-- Problem to solve --
Please reproduce the listing in its entirety, exactly as written, but without images.

+++ Given information +++

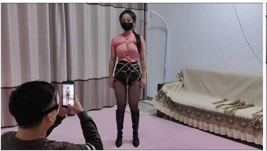 素人原创 长发飘飘晓影短靴亮丝紧缚双腿缚欧式直臀难受驷马跪走放置
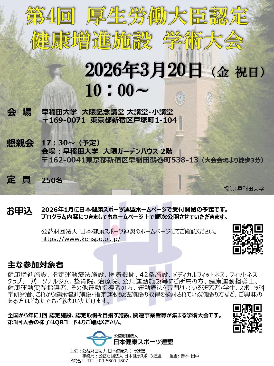 第4回 厚生労働大臣認定 健康増進施設 学術大会 開催日のご案内
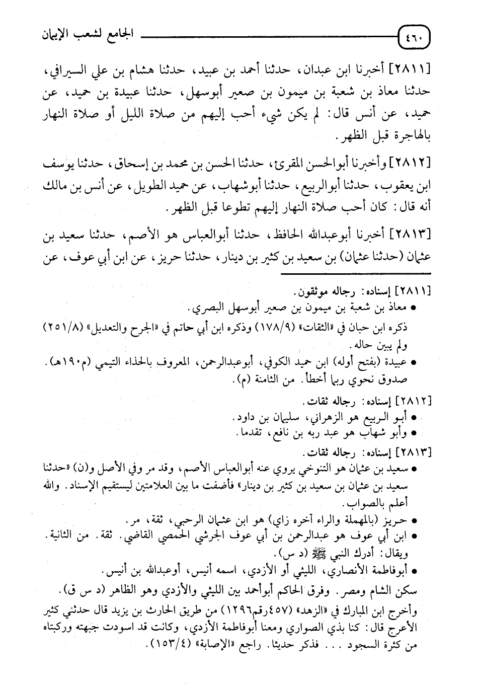 2811 - أَخْبَرَنَا ابْنُ عَبْدَانَ، حَدَّثَنَا أَحْمَدُ بْنُ عُبَيْدٍ، حَدَّثَنَا هِشَامُ بْنُ عَلِيٍّ السِّيرافِيُّ، حَدَّثَنَا مُعَاذُ بْنُ شُعْبَةَ بْنِ مَيْمُونِ بْنِ صُعَيْرٍ أَبُو سَهْلٍ، حَدَّثَنَا عَبِيدَةُ بْنُ حُمَيْدٍ، عَنْ حُمَيْدٍ، عَنْ أَنَسٍ، قَالَ: §" لَمْ يَكُنْ شَيْءٌ أَحَبُّ إِلَيْهِمْ مِنْ صَلَاةِ اللَّيْلِ أَوْ صَلَاةِ النَّهَارِ بِالْهَاجِرَةِ قَبْلَ الظُّهْرِ "

+++

-- Solution to this task --
 素人原创 长发飘飘晓影短靴亮丝紧缚双腿缚欧式直臀难受驷马跪走放置
 第4回 厚生労働大臣認定 健康増進施設 学術大会 開催日のご案内
 2811 - أَخْبَرَنَا ابْنُ عَبْدَانَ، حَدَّثَنَا أَحْمَدُ بْنُ عُبَيْدٍ، حَدَّثَنَا هِشَامُ بْنُ عَلِيٍّ السِّيرافِيُّ، حَدَّثَنَا مُعَاذُ بْنُ شُعْبَةَ بْنِ مَيْمُونِ بْنِ صُعَيْرٍ أَبُو سَهْلٍ، حَدَّثَنَا عَبِيدَةُ بْنُ حُمَيْدٍ، عَنْ حُمَيْدٍ، عَنْ أَنَسٍ، قَالَ: §" لَمْ يَكُنْ شَيْءٌ أَحَبُّ إِلَيْهِمْ مِنْ صَلَاةِ اللَّيْلِ أَوْ صَلَاةِ النَّهَارِ بِالْهَاجِرَةِ قَبْلَ الظُّهْرِ "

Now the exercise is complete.